The service-batteries in a boat are working hard, especially when one is out cruising and living onboard with long periods between marina berths. Compared with their engine start colleagues, they must withstand regular deep discharging, something starter batteries are especially bad at. A starter battery is made for working during just a few seconds each time, after which it becomes re-charged again. To be able to free up as much current as possible during this short period of time, the lead plates inside the starter battery are many and thin to allow for maximum surface for the heavy chemical reaction. A service battery, on the other hand, is designed for quite the opposite. Starter batteries inappropriately used for service may last as short as a couple of months onboard a serious cruising boat.

 

The fact that many sailors seem to do all right with starter batteries for service, nevertheless, can only result from frequent access to shore power, frequent motoring or thanks to the fact that discharging is made to no more than 20-30% of the battery’s capacity. If you are among these, you may stop reading here. This article is for the sailor who likes to anchor. Learn to read amps, volts and amphours on your amphour-meter, and you will soon be able to build an effective charging system. At the same time, you can react immediately, should something not be as usual.

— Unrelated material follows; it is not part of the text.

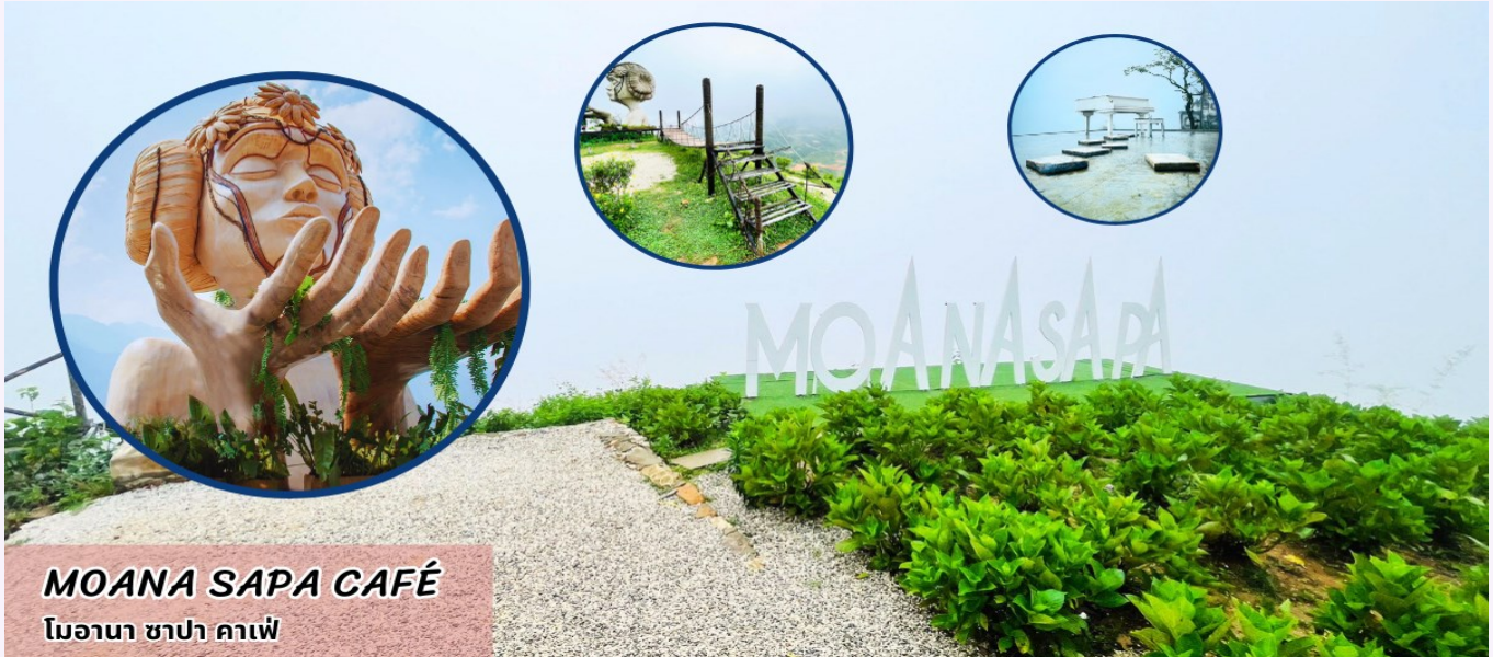
MOANA SAPA CAFÉ โมอานา ซาปา คาเฟ่

จากนั้น นำท่านช้อปปิ้ง ถนนคนเดินซาปา ให้ท่านได้เลือกซื้อของที่ระลึกและของฝากต่างๆ ตามอัธยาศัย

A true deep-cycle battery also found in numerous golf-carts.

 

Lets take the easy part first: Discharging. Here, you read the current, which is drained from the battery (measured in amps, A). Is everything switched off, it should read 0A. If not, you might have a leakage, like a lamp that is left on. Switching on applications one by one, the current increases while you may observe how much the individual equipment actually is consuming. So far, everything should be as clear as an anchorage in the Caribbean.

Fruther to current, voltage and amphours, the Ah-meter can also show the battery status in percent.

At what stage are the batteries then getting “empty”? Well, that is when a certain amount of current (A) has been consumed during a certain number of hours (h). Batteries are either drained by much current during few hours or little current during a longer period. The “quantity of power” is calculated as amps times hours = Ah.

For the technically interested I can mention that this does not quite give the same result. The battery has a higher capacity (Ah) if you discharge with little current during a longer period, than the other way around. USA and Europe have different standards to measure this and that’s why an American 100 Ah battery has less capacity than its European equivalent.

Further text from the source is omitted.